The flow diagram summarizes the study selection processes, and each stage for the studies included in this review (see for details the PRISMA flow diagram in Figure 1) [26]. In total, 11 documents were included in our systematic review. Table 1 shows the studies excluded and the reasons after the application of the quality appraisal filter.

Figure 1

PRISMA flow diagram adapted with permission from the PRISMA group, 2020.

Table 1

Potential studies excluded.

Reason for Exclusion	Authors
RCTs that specifically address treatment rather than prevention of DPN	Farvid et al., 2011 [27]Song et al., 2011 [28]Rizzo et al., 2012 [29]Lavery et al., 2012 [30]Mueller et al., 2013 [31]Ulbrecht et al., 2014 [32]Dixit et al., 2016 [33]Ziegler et al., 2016 [34]Sharoni et al., 2018 [35]Venkataraman et al., 2019 [36]López-Moral et al., 2019 [37]Stubbs et al., 2019 [38]Ahmad et al., 2019 [39]Shu et al., 2019 [40]Sari et al., 2020 [41]
Cohort studies not from RCTs	Müller-Stich et al., 2013 [42]Hur et al., 2013 [43]Cho et al., 2014 [44]Ishibashi et al., 2018 [45]O’Brien et al., 2018 [46]Yang et al., 2020 [47]Cárdenas et al., 2019 [48]
Cohort studies that do not specifically address the prevention of DPN, but from RCTs	Aroda et al., 2016 [49]
	Gaede et al., 2016 [50]
	Abraham et al., 2018 [51]
	Braffett et al., 2020 [52]

3.1. Risk of Biases among the Studies Included

Figure 2 and Figure 3 show the risk of biases of the study included in this systematic review.

Figure 2

Risk of biases of included studies, overall analysis.

Figure 3

Risk of biases of the included studies [15,53,54,55,56,57,58,59,60,61,62], individual analysis. Green: low risk, yellow: unclear risk, red: high risk.

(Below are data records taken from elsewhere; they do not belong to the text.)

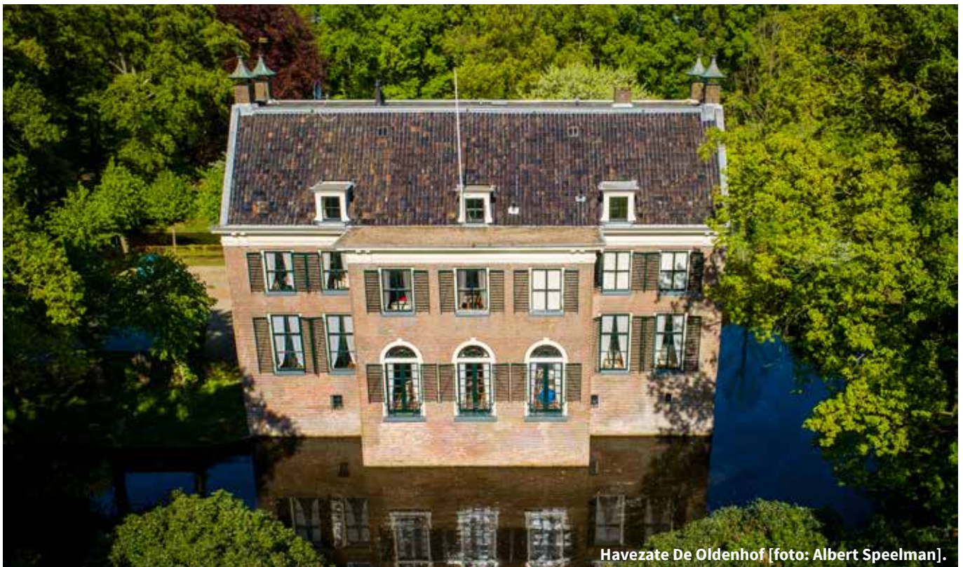
Havezate De Oldenhof.

Kastelen en buitenplaatsen vragen om aangepast beheer op maat. Verhalen van deze plekken delen met geïnteresseerd publiek – dat hoort steeds meer bij het beheer van nu. Daarom doet havezate De Oldenhof, gelegen net te zuiden van het stadje Vollenhove, mee aan het onderzoek van de Nederlandse Kastelenstichting naar de periode 1940-1945.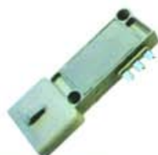
SV1808-MFM425 MODULO FORD COUGAR 9 PUNTAS GRIS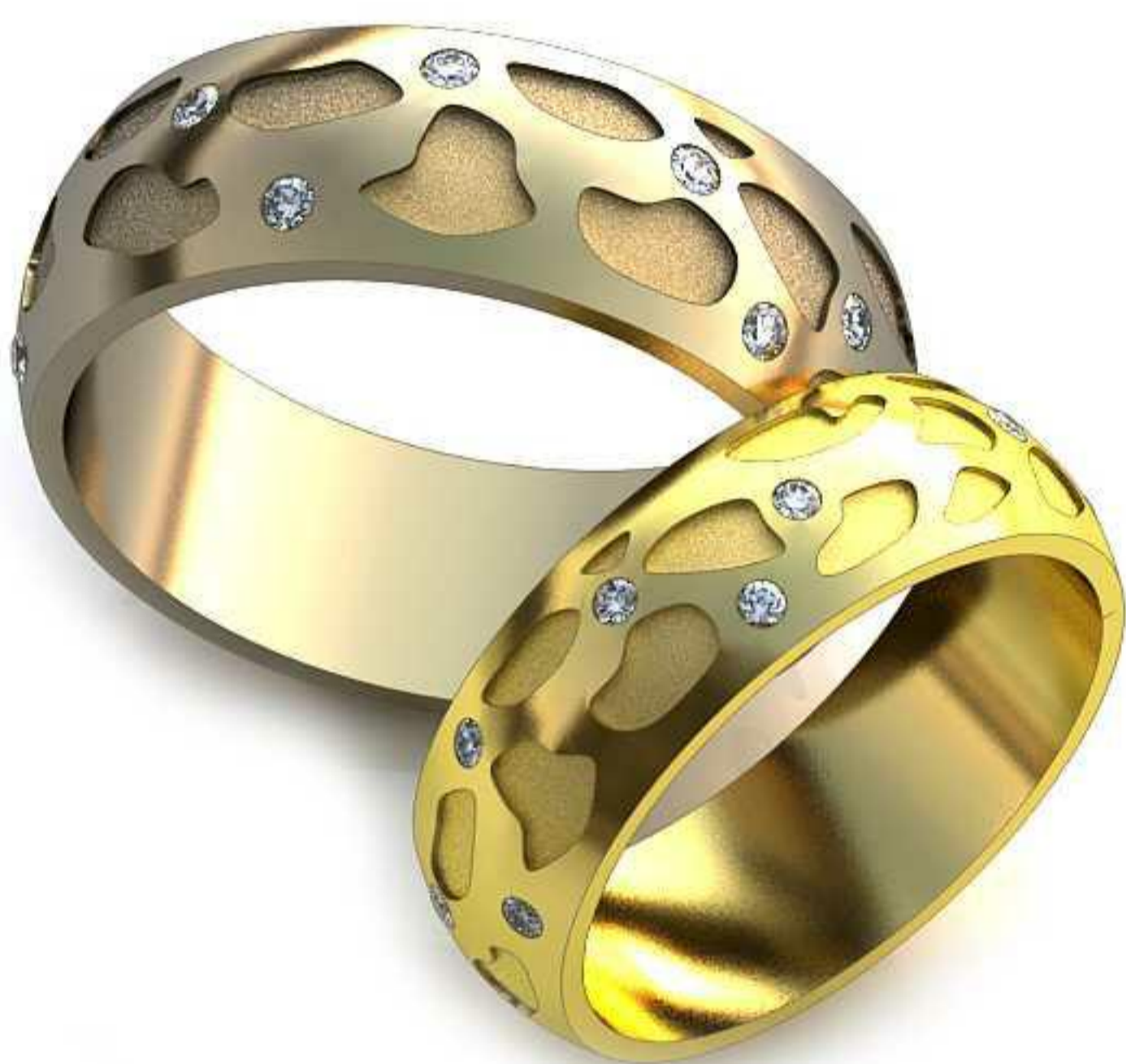
232ж/Р-16,2/Ш-6,0/Т-1,4/Кр 1.2-13шт./Вес-5,1 232м/Р-19,2/Ш-7,0/Т-1,7/Кр 1.2-13шт./Вес-8,2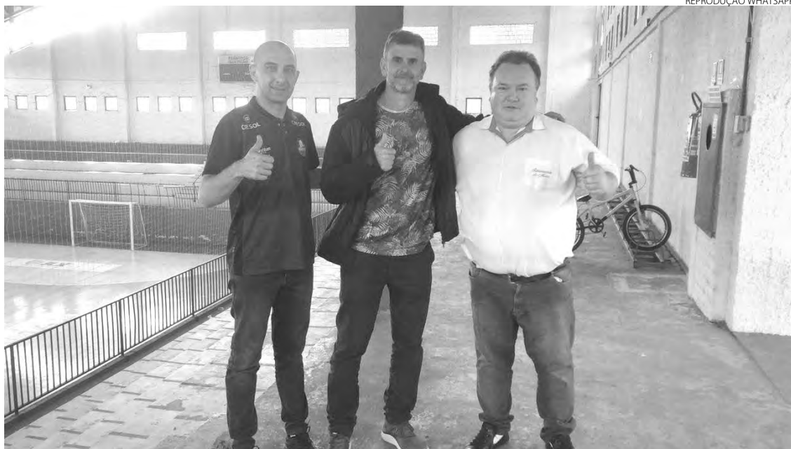
Lavardinha esteve com dirigentes do Marreco e deverá ser apresentado nesta quinta-feira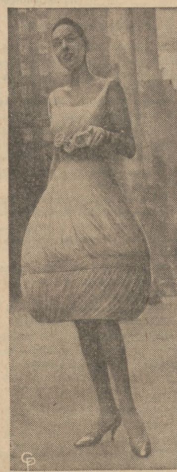
Najnowszej paryskiej mody suknią wieczorową w stylu balonowym. Suknia uszyta jest z niebieskiego szylonu.

Lecz faktem jest, że zameężne kobiety w ogromnej większości pracują nie dlatego, by zarobić sobie na zbytki, lub dla gromadzenia pieniędzy, ale po prostu dlatego, że z powodu szalonej drożyzny zarobki mężów nie wystarczają, by wiązać koniec z końcem i utrzymać rodzinę na amerykańskiej stopie życiowej.

Allocation concealment and random sequence generation was evident in 100% of the studies. Blinding of participants and staff was present in less than 25%, and blinding of assessors was present in less than 50% of the included articles. Due to the nature of some included studies, such as cohort studies, 25% of the included studies were considered to be at high risk of other biases.

The levels of evidence evaluated according to the quality of the selected articles received a score of 1++ in 9.2% (n = 1) [53] qualifying it as high quality, 27.3% of the studies received a score of 1+ or medium quality (n = 3) [54,55,56], and the rest of the articles were scored as low quality, 1−, representing 63.5% (n = 7) [15,57,58,59,60,61,62].

3.2. Statistical Analysis of the Quality of the Included Studies

Detailed assessment ICC is summarized in Table 2. Table 3 summarizes the scores of the quality scales of the studies included in this review. The limitations of the review are summarized in Table 4.

Table 2

Intraclass correlation coefficient. Evaluation of agreement between continuous measurements.

	Intraclass Correlation a	95% Confidence Interval		F Test with True Value 0
		Lower Bound	Lower Bound	Value	df1	df2	Sig.
Single Measures	0.997 b	0.995	0.995	687.400	10	10	0.000
Average Measures	0.999 c	0.995	1.000	687.400	10	10	0.000

Two-way mixed effects model where people’s effects are random and measures’ effects are fixed. a Type C intraclass correlation coefficients using a consistency definition—the between measure variance is excluded from the denominator variance. b The estimator is the same, whether the interaction effect is present or not. c This estimate is computed assuming the interaction effect is ab-sent, because it is not estimable otherwise.

Table 3

Scores of the investigators on the quality scales of the included studies.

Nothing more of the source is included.